Things have changed in the Professional Writing side of things too. It used to be that a lot of area employers would pay for for their employees to earn graduate degrees, so the Professional Writing emphasis was almost entirely made up of students who had real jobs that could be broadly described as “Professional Writing” and they were attending on the company’s dime. That’s changed a lot in recent years. In fact, with the economy as crappy as it is in Southeast Michigan, we now have many students in our MA in both the Teaching of Writing but especially the Professional Writing program who are attending (in part) to gain professional experience they hope will make them more employable.

These changes (among other things) are causing us now to reconsider the arrangement of our MA program, though that’s something that has taken years, and it will probably take us a few more. My point though is this: we have lots of students who have no intention of going onto a PhD program, and we have always had these students.

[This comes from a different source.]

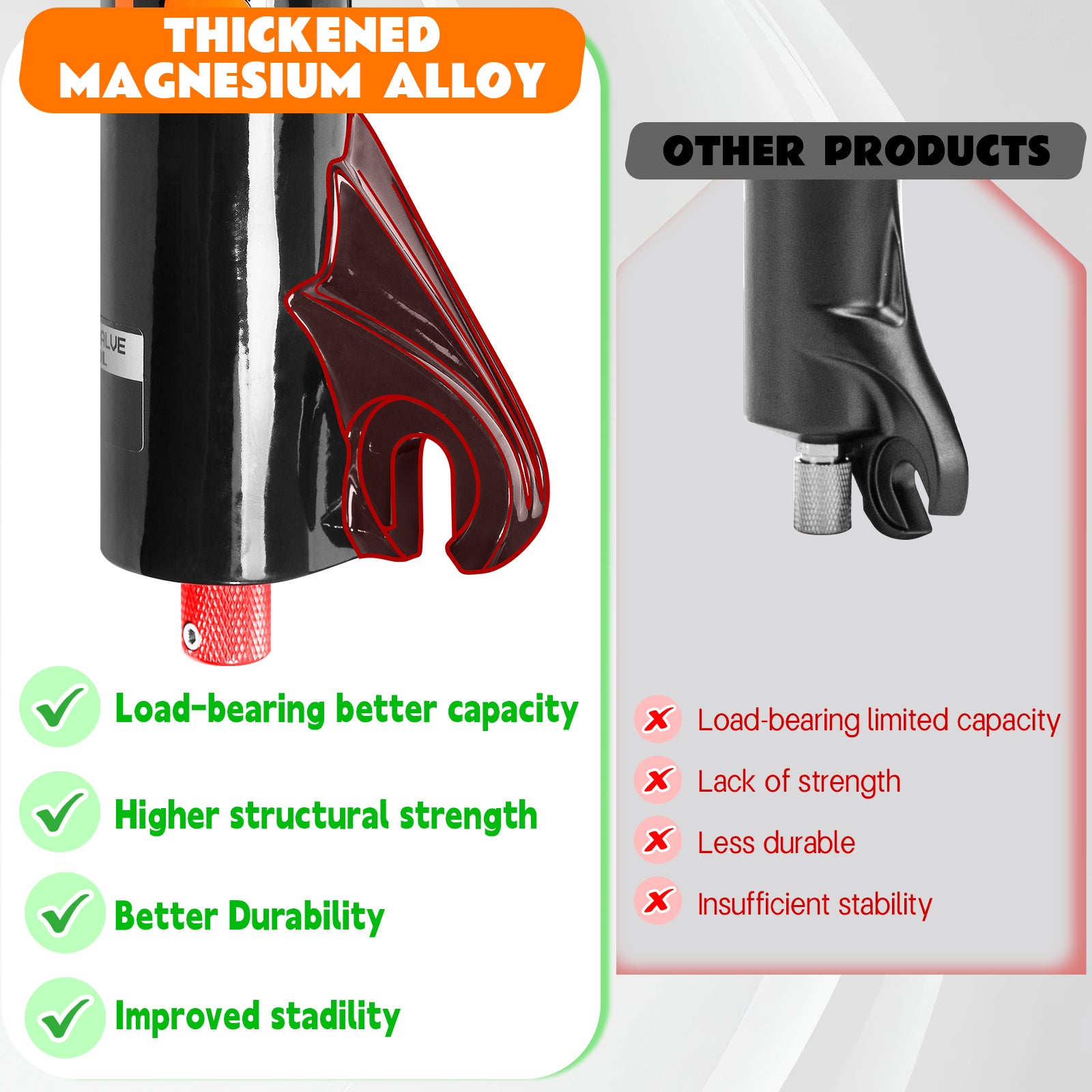 34mm aluminum-magnesium alloy upper tubes enhance rigidity and steering precision. The crown lockout with rebound adjust fine-tunes control, while the 180mm travel and 9mm QR adapt to diverse terrains.

We have always been an MA program that has mostly attracted students in Southeast Michigan and that has responded to those students’ local plans and needs.

2 thoughts on “On Vandenberg’s and Clary-Lemon’s “Advancing by Degree: Placing the MA in Writing Studies””

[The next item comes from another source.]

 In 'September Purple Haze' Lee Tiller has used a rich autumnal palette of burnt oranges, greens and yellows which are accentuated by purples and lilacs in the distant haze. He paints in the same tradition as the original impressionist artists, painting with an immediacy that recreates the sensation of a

  1. I appreciate Vandenberg and Clary-Lemon selecting a handful of aspects from which to consider MA programs: “its demographic and curricular diversity, its responsiveness to local conditions, and its intra- and interdisciplinary flexibility” (265). I suppose its worth asking how and to what degree are we in heeding these conditions, especially as we press ahead with the revisions conversation. They make a solid case for how adaptive MA programs can be distinct from PhD programs because PhD programs bear a different kind of burden to prepare their candidates for general, disciplinary durability (i.e., graduates of PhD programs oftentimes do not remain local; the opposite is true for MA graduates).

    The way this article deals with “local conditions” left me wanting just a little bit more because it’s incredibility difficult to pin down. I mean, on the whole, I felt like their work helped clear up some of my thinking about MAs in Writing (Studies). But the focus on “local conditions” might refer to a host of different conditions. “Local” could mean anything from faculty specializations or department landscape all the way out to a scale of surrounding communities/scenes, anywhere from the Detroit Center to the music and arts workshare warehouse on the edge of campus. All of these “local” conditions turn out to be incredibly complex and varied. I wonder whether these are in some respects more challenging to sort through than widespread (i.e., published) sensibilities about disciplinarity.

  2. I think “local conditions” here means a combination of all of the things you mention, Derek, plus “gut feeling.” I think that we do or don’t do certain things based in part on the faculty we have, though we have made hires in the time I’ve been here to fill what was perceived as voids– I was hired that way, for example. We (some faculty more than me) have connections with employers who have hired our graduates and/or with our former students who have gone on from our program into more or less local jobs.

    But there is no really systematic way here to see how we are (or are not) responding to local conditions, and I don’t get the feeling that the case studies discussed in this article have any quantifiable system either. Of course, I’m not entirely sure what that system would look like, and I don’t really see how we could collect the data very carefully either.